Андрей Тихонович (продолжая выкладывать на счетах). С кулябкинских оброчных три тысячи семьсот тридцать рублей ассигнациями… С вихляевских пять тысяч триста двадцать рублей… Да с мельницы пятьсот… В Воропановке прошлогодничной ржи намолочено две тысячи триста четвертей, полагая средним числом по шести рублей за четверть - тринадцать тысяч восемьсот рублей; овса, гречи, ячменю запродано на три тысячи рублей, итого ассигнациями двадцать шесть тысяч пятьдесят рублей… на серебро…
Марья Алексеевна (перелистывая газеты). А, вот наконец!.. "Отъезжающие за границу". Какое множество!.. И это еще только из Москвы, что ж должно быть из Петербурга!.. (Читает.) "В Германию, Италию, Францию, Бельгию, Голландию и Англию: титулярный советник князь Павел Николаевич Наседкин с супругою княгинею Еленою Дмитриевною, с малолетнею дочерью Екатериною, с находящимися при них австрийским подданным Готлибом Вуртманом, московскою мещанкою Аксиньею Ивановою Подкипкиной и дворовою девушкою Матреною Филипповою Сыромятниковою… В Италию: надворный советник Иван Иванович Россомахин… Во Францию: полковница Федосья Антоновна Скалозубова с двумя дочерьми…" Боже мой!.. Что это?… Андрей Тихонович!.. Посмотри! Андрей Тихонович. Что такое, матушка? Марья Алексеевна. Нет, уж это, право, досадно!.. Послушай!.. "В Карлсбад: коллежский асессор Артемий Никитич Сусликов с женою Авдотьей Никифоровною и двумя малолетними дочерьми, Софьей и Надеждой".
Андрей Тихонович. Так что ж, мой друг?
Марья Алексеевна. Как что?… Всего заложенных триста душ - в Москве жить нечем, а едут за границу!..
Андрей Тихонович. И, матушка, какое нам до этого дело? У всякого свой ум в голове.
Марья Алексеевна. Нет, уж это ни на что не походит!.. Горины уехали за границу, Шестуновы другой год в Италии, Запеваловы отправились в Париж, и даже Сусликовы, которым перекусить нечего, и те едут в Карлсбад, а мы живем себе да живем в Москве!.. У нас состояние прекрасное, восемьсот душ… детей нет…

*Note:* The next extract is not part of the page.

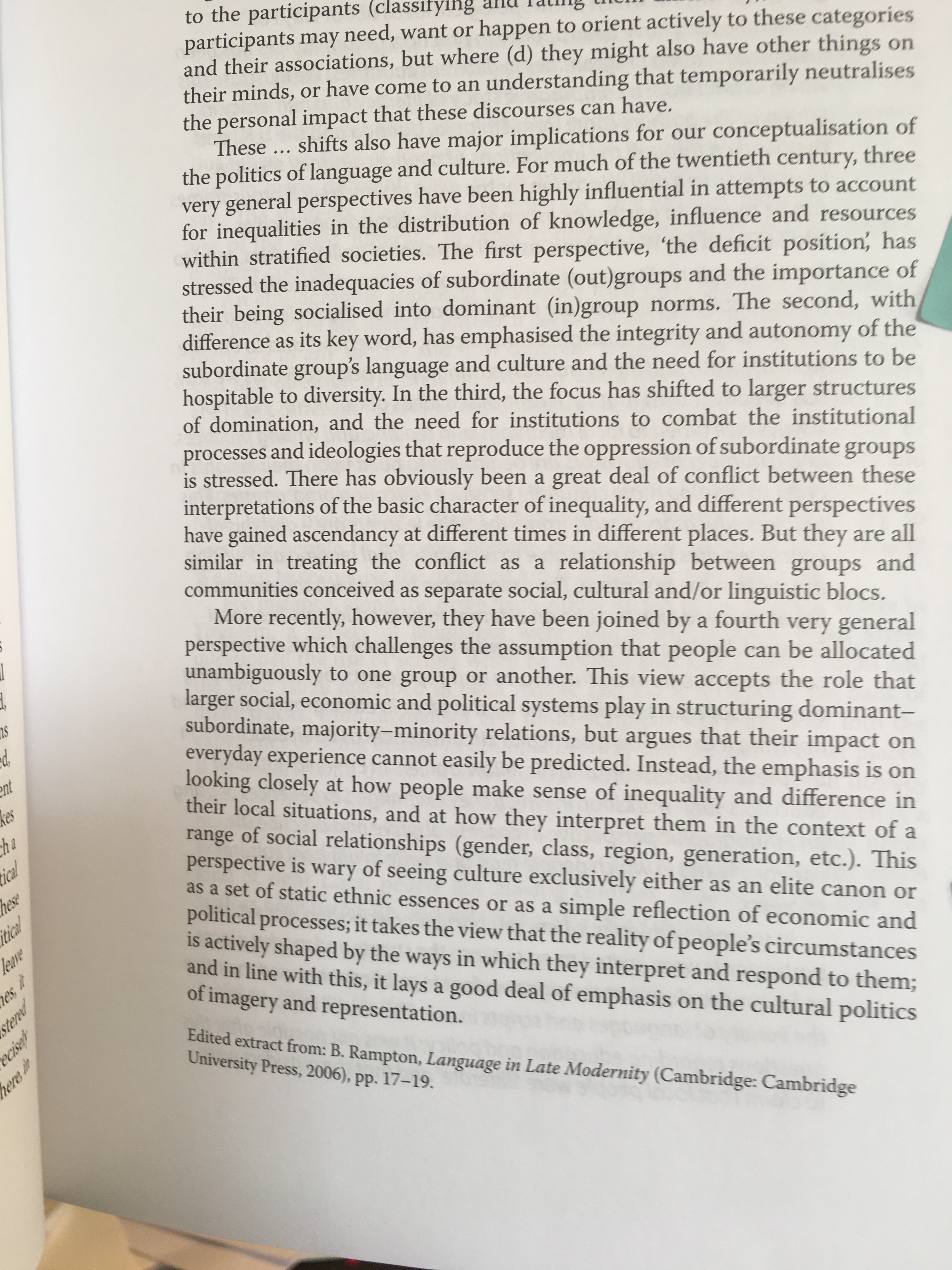 In Language in Late Modernity B. Rampton has a great section on shifting conceptualisations of the politics of language and culture in the twentieth century. The “deficit” position, the “integrity of the subordinate group” position and the “larger structures of domination” position, with a new “very general perspective which challenges the assumption that people can be allocated unambiguously to one group or another.”

Андрей Тихонович. Да есть племянник, мой друг, - надобно также и о нем подумать. Он круглый сирота, и вся будущность его зависит от нас.
Марья Алексеевна. Ах, боже мой! Да разве мы о нем не печемся? Кажется, мы ничего не жалеем для его воспитания. Прежде он был на наших руках, а теперь мы его пристроили; он учится в дворянском институте…

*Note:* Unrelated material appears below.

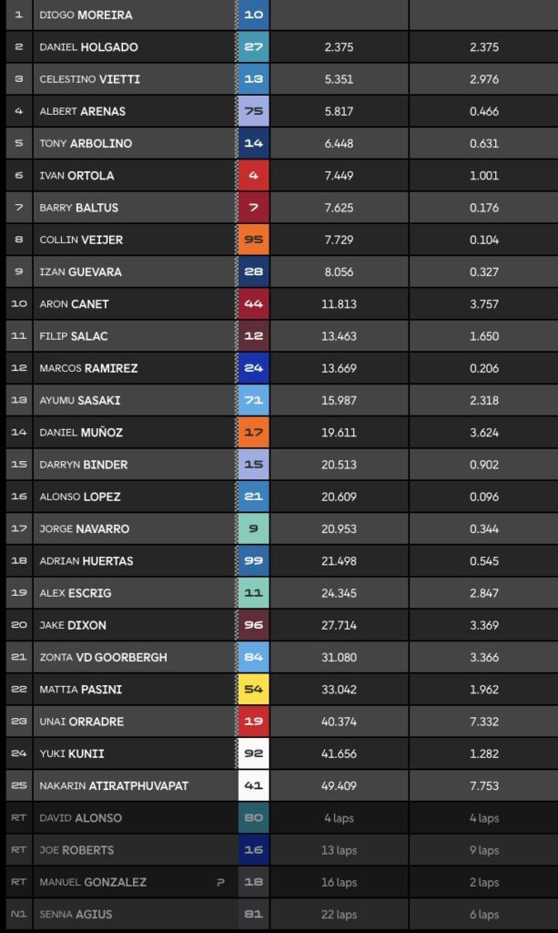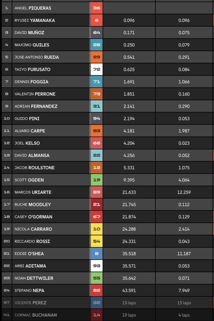 Moreira llegaba a la última vuelta con una ventaja de más de dos segundos con respecto a Holgado. El brasileño firmaba así su segunda victoria de la temporada. Dani Holgado ocupaba la segunda posición del podio, con Vietti en tercer lugar. Arenas, por su parte, se quedaba a las puertas del podio.

Андрей Тихонович. Не о том речь, матушка! Воспитанье-то мы ему дадим, да ведь надобно же и кусок хлеба оставить.
Марья Алексеевна. Ах, Андрей Тихонович, какой вы странный… Да неужели нельзя побывать за границею, не расстроив своего состояния?
Андрей Тихонович. Конечно, можно, да ведь затеи-то у тебя больно велики!.. Дело другое съездить за границу на несколько месяцев, а ты все норовишь прожить там года два или три.
Марья Алексеевна. Другие живут и дольше. Ну, что за радость отправиться в чужие края на несколько месяцев? Не успеем приехать - и ступай назад. Да, по-моему, лучше вовсе не ездить!
Андрей Тихонович. А вот послушай, Марья Алексеевна! Я считал сейчас все наши доходы: в нынешнем году у нас будет всего-навсего с небольшим двадцать шесть тысяч ассигнациями; из них: должно внести в Опекунский совет шесть тысяч рублей, следовательно, чистого дохода останется у нас только двадцать тысяч ассигнациями, да и то, если нам заплатят сполна весь оброк и мы продадим рожь не дешевле шести рублей за четверть.
Марья Алексеевна. По шести рублей! Помилуй, Андрей Тихонович! Уж на что было хуже прошлого года, не знали, куда с хлебом деваться, и все-таки продали по пяти рублей четверть. А теперь слухи хорошие: говорят, что во всех степных губерниях неурожай.
Андрей Тихонович. Нет, Марья Алексеевна, в Тамбовской только всходы были плохие, да и то бог милостив - поправятся.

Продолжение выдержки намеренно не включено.